# Dutchie, MN Gardener...appraising question



## Cassie (Dec 7, 2002)

My husband was a self-employed appraiser for years, but it just wasn't for us. He loves appraising, but as you probably know, it's really tough for the honest ones when there's so many out there who will "make it work" for their client. Anyway, he has been an employed appraiser for the last 4 years. The bank he's currently working for said he could do appraisals on the side to supplement his income. Right now he's a reviewer. The catch is that he can't do any appraisals that are for lending purposes. That leaves litigations, divorce, tax appeals...? I called a few attorneys and they said they don't use appraisers, if their client needs an appraisal they contact them on their own. 
My question(s):
Am I missing something? Is there something else he can do to put his appraisal license to use? Sure he can do tax appeals and divorces but are there really that many and how does he find them? Because it would be part-time we couldn't justify spending a lot on advertising. I'd appreciate any thoughts, we really need to supplement our income.


----------



## Dutchie (Mar 14, 2003)

Cassie, that is a good question. I agree that it is tough for honest appraisers to make a living, but it is getting a bit better. You are lucky that your husband was able to find a position as a staff reviewer.

As you know, it can take up to 5 years for an appraisal practice to flourish. Your situation makes it harder.

I don't know where you are located and what the real estate market situation is. One of the things you could do is provide measurements for realtors (there have been some lawsuits recently due to "misrepresentation" of the sq ftg of listings) and do "pre-listing" appraisals for sellers and buyers.

One of the things your husband could do is provide your local media with OpEd pieces pertaining to the local real estate market; red flags that buyers should be aware of, etc etc.

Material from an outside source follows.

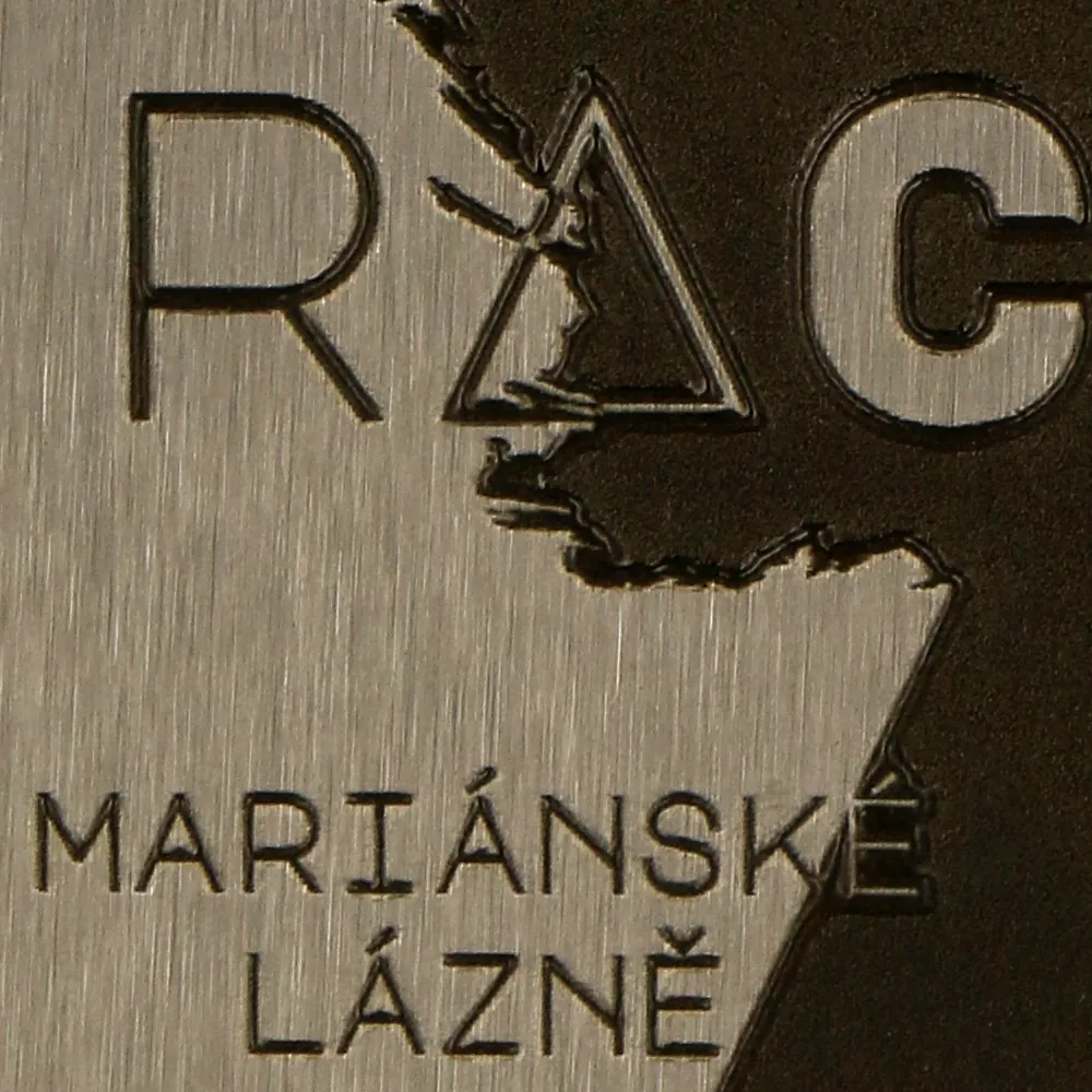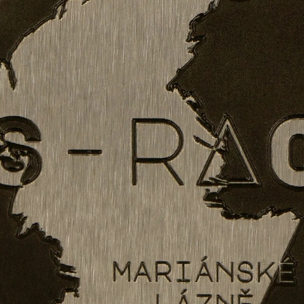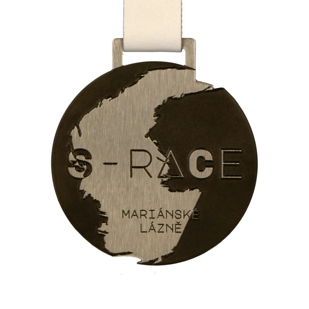 Una de nuestras medallas personalizadas diseñada para el evento S-Race en Mariánské Lázně. La medalla presenta el contorno de un mapa del mundo y un recorte con el nombre del evento, dándole un aspecto moderno y minimalista. Está colgada en una elegante cinta blanca, lo que resalta su carácter prestigioso.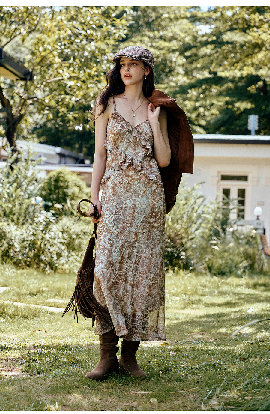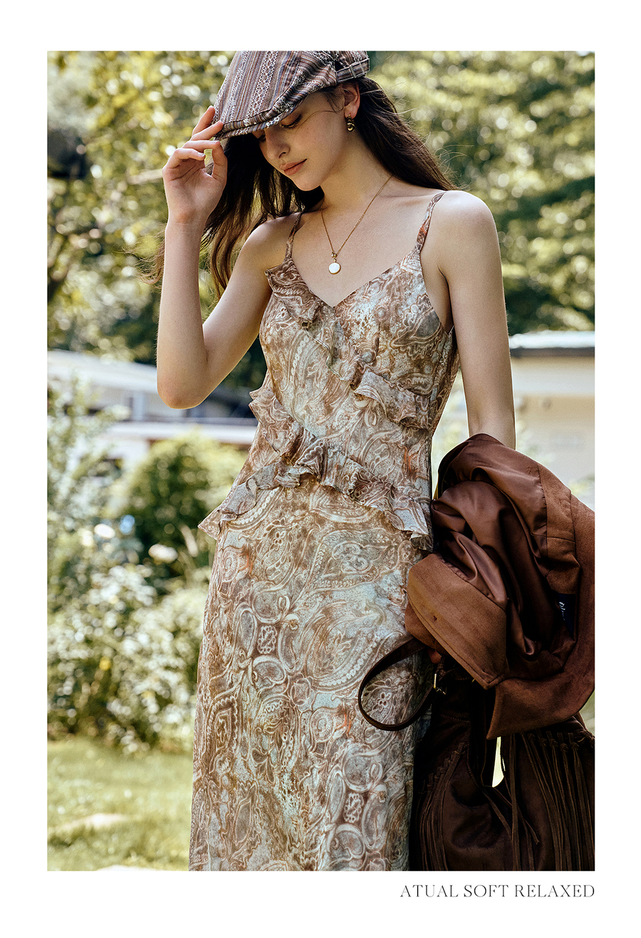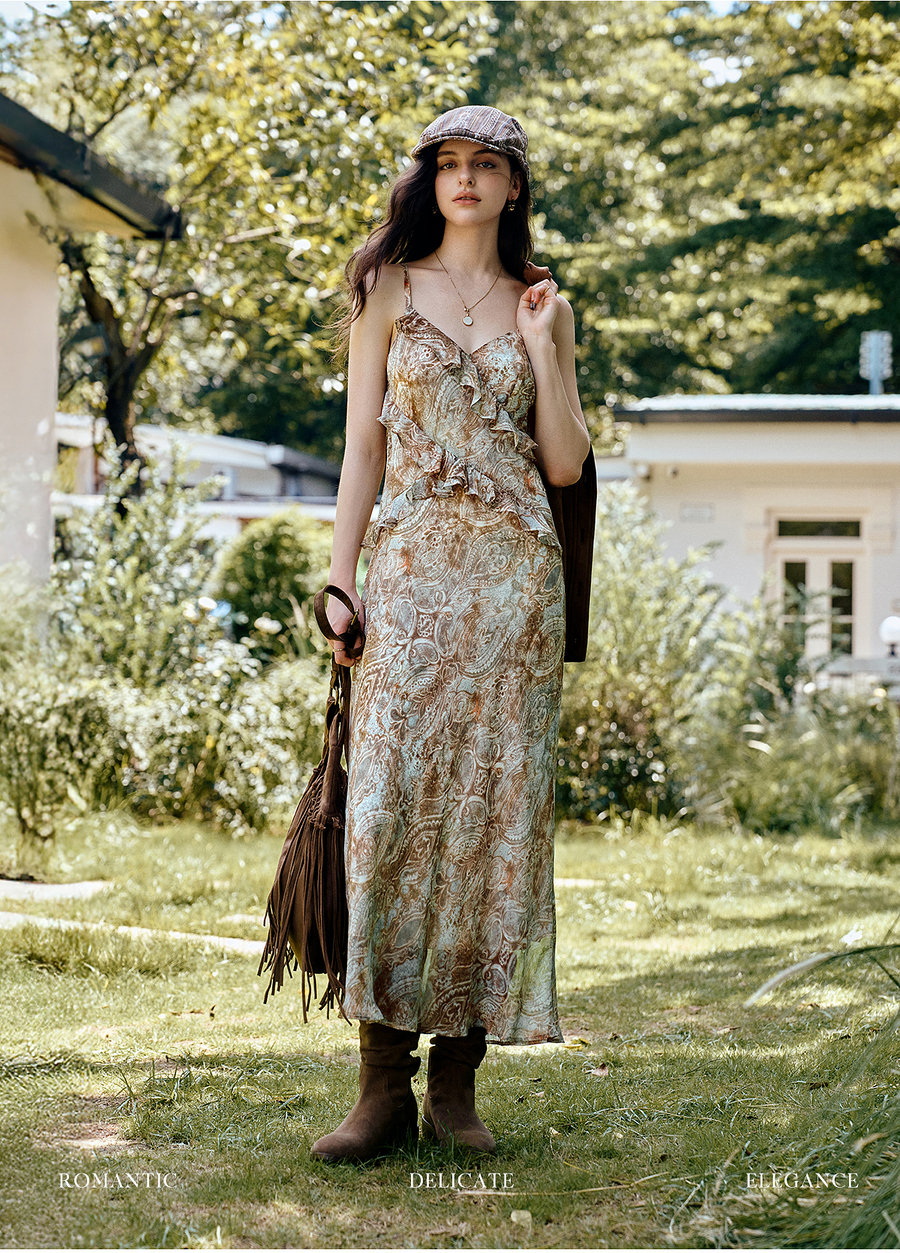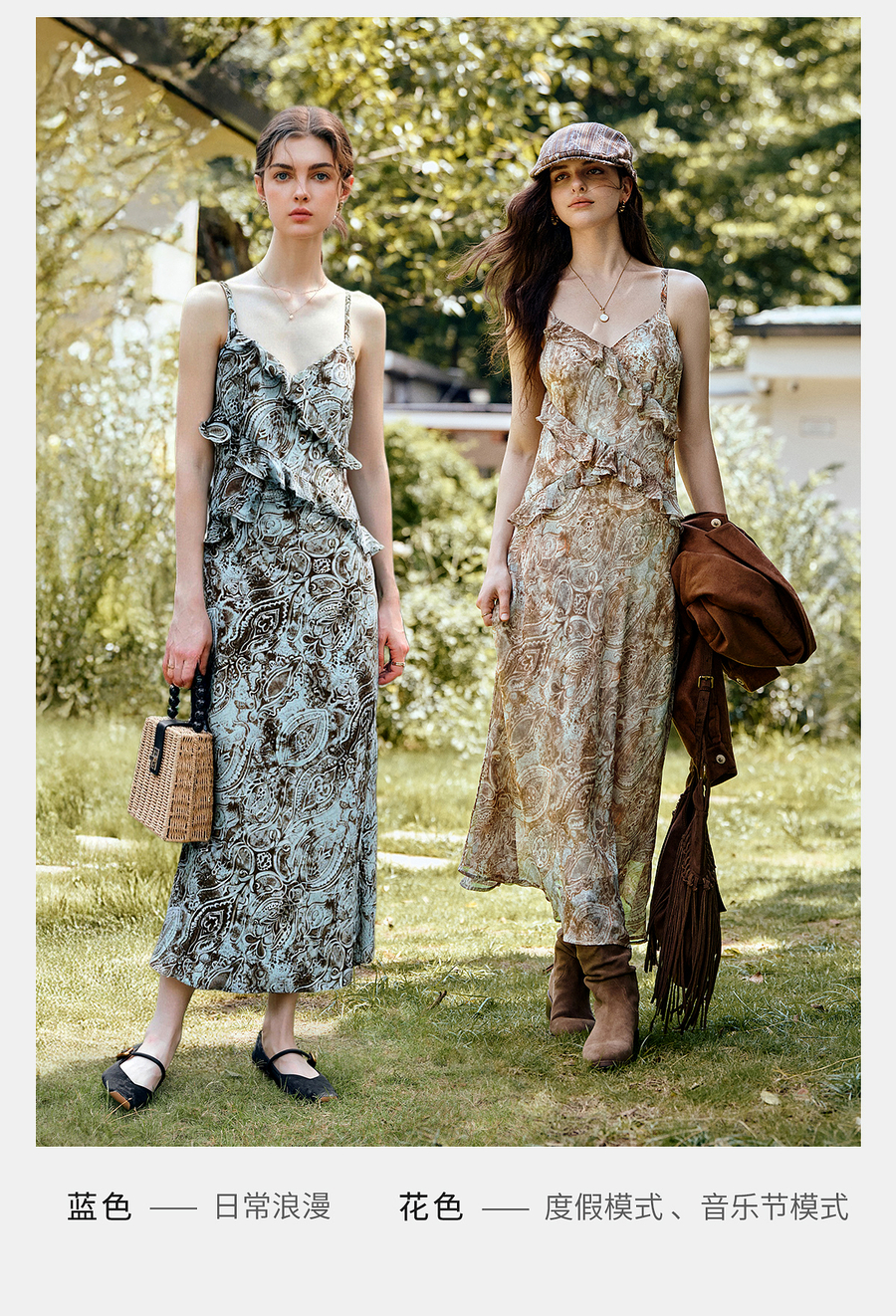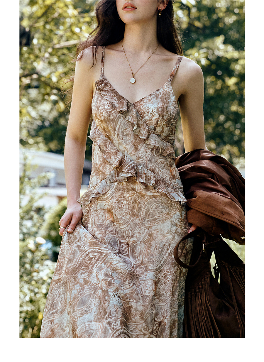OLrain欧芮儿波西米亚风荷叶吊带连衣裙女秋2025年美拉德无袖长裙

Consistantly doing these things will pay off eventually. Good luck!


----------



## Cassie (Dec 7, 2002)

Thanks Dutchie, those are some ideas we hadn't thought of. We had also wondered if the state board ever hires reviewers since it would be a quality control issue and not for lending. Have to admit it would be sweet justice to play a part in the discipline of those crappy, dishonest appraisers that made self-employment so miserable. He used to have loan officers tell him he was good, but if they needed the deal to work they wouldn't use him and Realtors were just plain hateful. (sorry, had to get a little venting in) 

We are in St. Charles County, MO. Close enough to work in St. Louis, yet it would be nice not to. 

Thanks, I'll pass this on to my husband!


----------



## Kevingr (Mar 10, 2006)

A friend of mine is a self-employed appraiser here in MN. The recent lending changes has actually made him busier, now lenders can't call their buddy for an appraisal, they all need to work of a list of local appraisers and everybody gets their turn.

Maybe that's a local change? But I thought it was a new rule (law?) because of all the alledged predatory lending.

He did make the statement to me though, that in the early 1990's he was getting $375 for each appraisal and now it's only $275 so he needs to work more for the same amount of money. So he's actually working more for less money these days. Tough business to be in from my view, but at least he's working.


----------



## Cassie (Dec 7, 2002)

Yes, we found it to be a very tough business, that's why he's happy to be employed for a conservative lender who actually wants an honest appraisal.


----------



## Dutchie (Mar 14, 2003)

Kevingr said:


> He did make the statement to me though, that in the early 1990's he was getting $375 for each appraisal and now it's only $275 so he needs to work more for the same amount of money. So he's actually working more for less money these days. Tough business to be in from my view, but at least he's working.


That is the problem. As long as appraisers accept those fees, they will never get what they should.

My position is that _*I*_ set my fees ... not the AMC. I am not on their payroll so they have no dog in the fee hunt.

I will not accept anything lower than my fee and I stay pretty busy. Of course I do predominantly rural appraisals but still.


----------



## MN Gardener (Jan 23, 2008)

Dutchie said:


> That is the problem. As long as appraisers accept those fees, they will never get what they should.
> 
> My position is that _*I*_ set my fees ... not the AMC. I am not on their payroll so they have no dog in the fee hunt.
> 
> I will not accept anything lower than my fee and I stay pretty busy. Of course I do predominantly rural appraisals but still.


Well said Dutchie. I am in a rural area and do the same. 

As far as other appraisal sources besides lending, have him talk to the county's collection / probate department. He could possibly do appraisal for them. In MN an appraiser can take classes and become licensed to assess for tax purposes. Many small townships in our area hire their own. It is usually a contract position. He might want to do a small inexpensive ad in the paper saying he does appraisals for divorce, probate matters, tax matters, etc. Maybe contact appraisers to offer a review / QC services to give them input on how to make their appraisals better and pass through a reviewer without issues. 
Can he do retrospective reviews for MI companies? If so, maybe he can contact some AMC about doing those.
He might want to contact the appraisal licensing dept at the state and see if he can review there, or maybe even FHA/VA/USDA/HUD

He is really limited if he can not do lending appraisals, but hopefully some of these suggestions help.


----------



## Cassie (Dec 7, 2002)

Thank you, MN gardener, great ideas. I don't know what MI companies are, but I'm sure he will. I think we'll try the ideas here and see which one(s) work.

I just compiled all the ideas to present to him, between the two of you I feel like we have some great, actionable ideas! Thank you so much!!!

We've had to really cut back, he was a district appraisal manager for World Savings, which became Wachovia, which became NO job--he was laid of with thousands of others last year. The difference in pay from a manager to a reviewer has been painful, so we need to supplement the income.


----------